Here’s some OpenStreetMap data of my local area, in Quantum GIS, with a road I added highlighted in red:

Open Plaques
The Open Plaques project, currently in alpha, is aiming to catalogue, photograph and georeference the numerous “blue plaques” scattered around London and elsewhere in the UK. Blue plaques generally mark the house where someone famous lived, or some other event happened. The London ones are generally blue and circular, and are put up by English Heritage or the local borough councils. Other towns and cities have their own schemes.
Contributing to the project is as easy as uploading a (georeferenced) photograph to the Open Plaques Flickr group. In due course, a “machine tag” will appear on your photo, linking it to a blue plaque in the Open Plaques database, and the photo itself should also appear on the site, as long as you’ve specified a licence that allows this to be done. If the plaque is missing from the database altogether, then a new entry presumably gets set up.
Note that the iPhones automatically georeference photos as you take them, however the GPS positional accuracy is very poor unless you give time to settle enough satellites, so I manually re-georeferenced the photo in Flickr using the interactive map tool there.
The good news is that the data on Open Plaques is public domain, so can be used for any purpose. Potentially this could include adding the plaques into OpenStreetMap in the future.
Open Plaques derived the London list from the English Heritage website, which has details and addresses, but no maps or photos. This is very similar to something I did for part of my MSc dissertation last summer, which was looking at using modern GIS and geospatial techniques for enhancing Street-O maps.
Street-O events generally involve finding places and noting down a specific answer at the place, to prove you’ve been there. Blue plaques are popular with course planners, as they are generally unique, in one clearly defined location and contain unambiguous information that the competitor is unlikely to already know.
For part of my dissertation, I screen-scraped the English Heritage website, ran the addresses through Google Local to geocode them, and then plotted the results in a GIS – the idea being the race planner could then use these to build up a race map and question sheet, without having to trawl the streets trying to find plaques manually.
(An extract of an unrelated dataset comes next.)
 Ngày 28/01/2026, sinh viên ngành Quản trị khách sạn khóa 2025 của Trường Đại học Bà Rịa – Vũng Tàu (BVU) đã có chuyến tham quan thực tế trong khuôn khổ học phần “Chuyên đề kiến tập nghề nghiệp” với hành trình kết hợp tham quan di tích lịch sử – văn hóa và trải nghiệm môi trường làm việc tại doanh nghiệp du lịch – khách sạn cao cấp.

Around 80% of the plaques were successfully placed on the map in this way, although the geocoding accuracy wasn’t always great, due to the natural inaccuracy and non-systematic placement of street addresses.
I wrote:
(5.4.2) It was decided to look at these features as one example of using a spatial dataset unrelated to orienteering to enhance the process of creating a Street‐O map for an event…
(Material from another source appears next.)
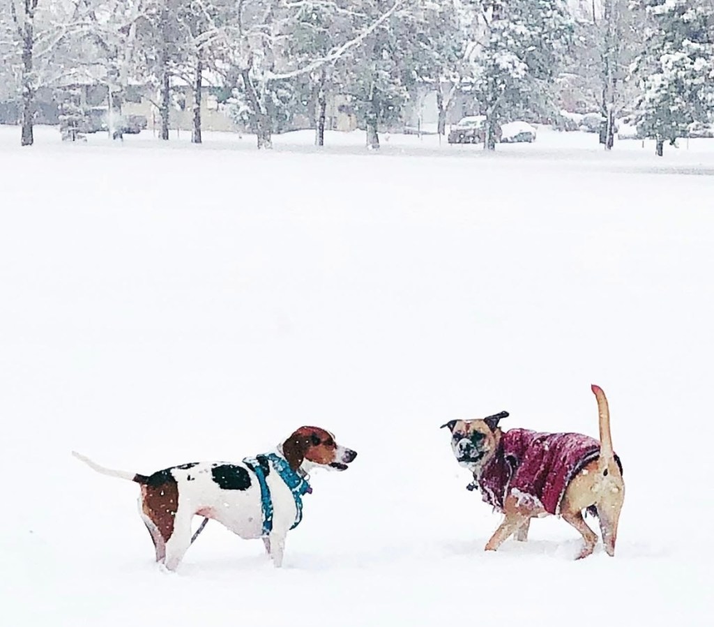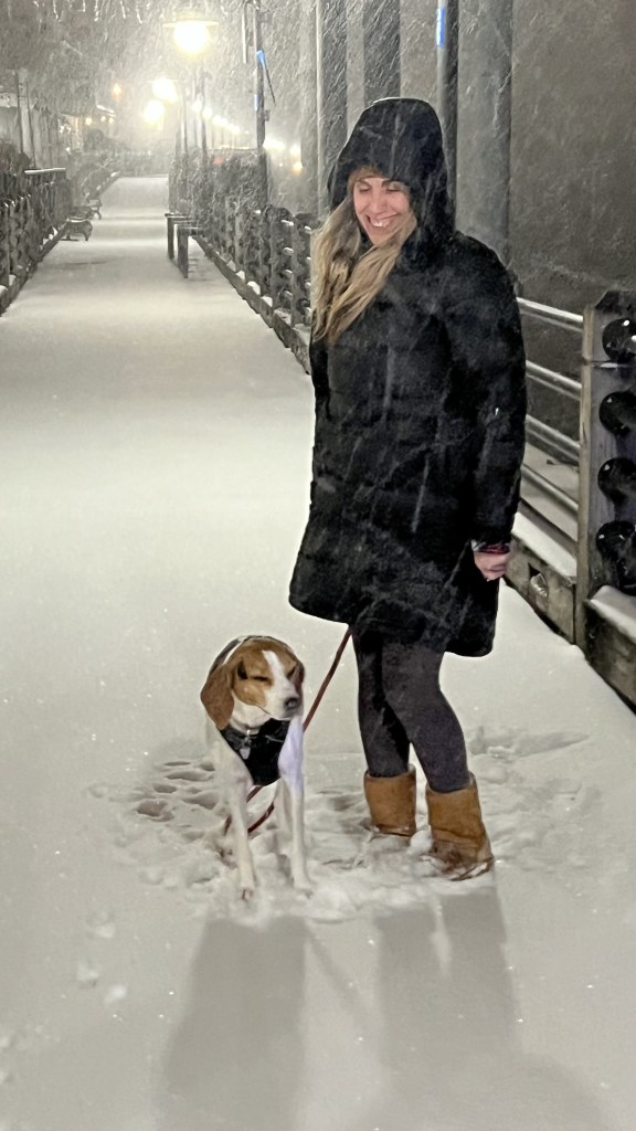 I felt like a kid again anticipating the first snowflake and remembering that excitement in my parents’ living room, waiting and waiting. And then there it was! Just like when I was little. It was pure magic watching the snow fall from our kitchen window as my son and I whipped up some homemade chicken noodle soup. I dug out my dusty old boots and my big heavy puffer jacket and grabbed the dogs for an evening stroll through the neighborhood. Much to my surprise, my little Finnie girl was not impressed.

Unfortunately the blue plaque data isn’t freely available in a spatial format – users can search by postal district, but then are presented with a list of addresses rather than a map.
The pictures below show the results for the Islington area, on the left from the dissertation, and on the right the equivalent map currently on OpenPlaques. (It would be straightforward to pull the data into a GPS, from the CSV files the site provided, for a proper side-by-side comparison. I’m just being lazy by screen-grabbing the map as-is.)
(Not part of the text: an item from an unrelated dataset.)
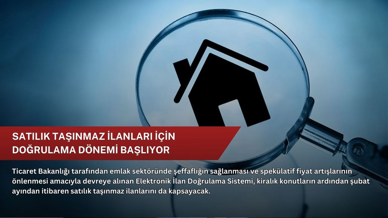Taylan, 1 Şubat itibarıyla satılık taşınmaz ilanları için de doğrulama sisteminin zorunlu hale getirileceğini belirterek, uygulamanın önce İzmir, Antalya ve Sivas'ta, 15 Şubat'tan itibaren de tüm Türkiye'de kullanılacağını söyledi.
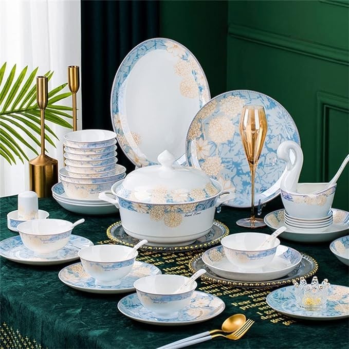 ZHcowe 60 Piece Bone China Tableware Sets Food Bowl Sushi Dishes Ramen Plates Dinner Set Utensils for Kitchen Accessories

Plenty more to be added to Open Plaques. The best way, of course, is to visit them – the locations can’t be copied across from my derived list, unfortunately, as the Google-derived locations are not free of copyright.
Potentially the Open Plaques database, once complete for London, will simplify this process even more, by allowing a one-step import of plaques, inscriptions and most imporantly accurate locations, into the GIS, for easy map creation.
Mapping Party and Mapzen Sneak Peek!
The next London mapping party is on Thursday evening, in Mayfair, the really posh bit of central London (you can tell its posh as it only has one bus route going through it.) See here for details and to signup.
What’s special about this one is that Cloudmade’s in-development mapping editor, Mapzen, might be being demoed. The screenshots look very interesting, this could be pretty cool.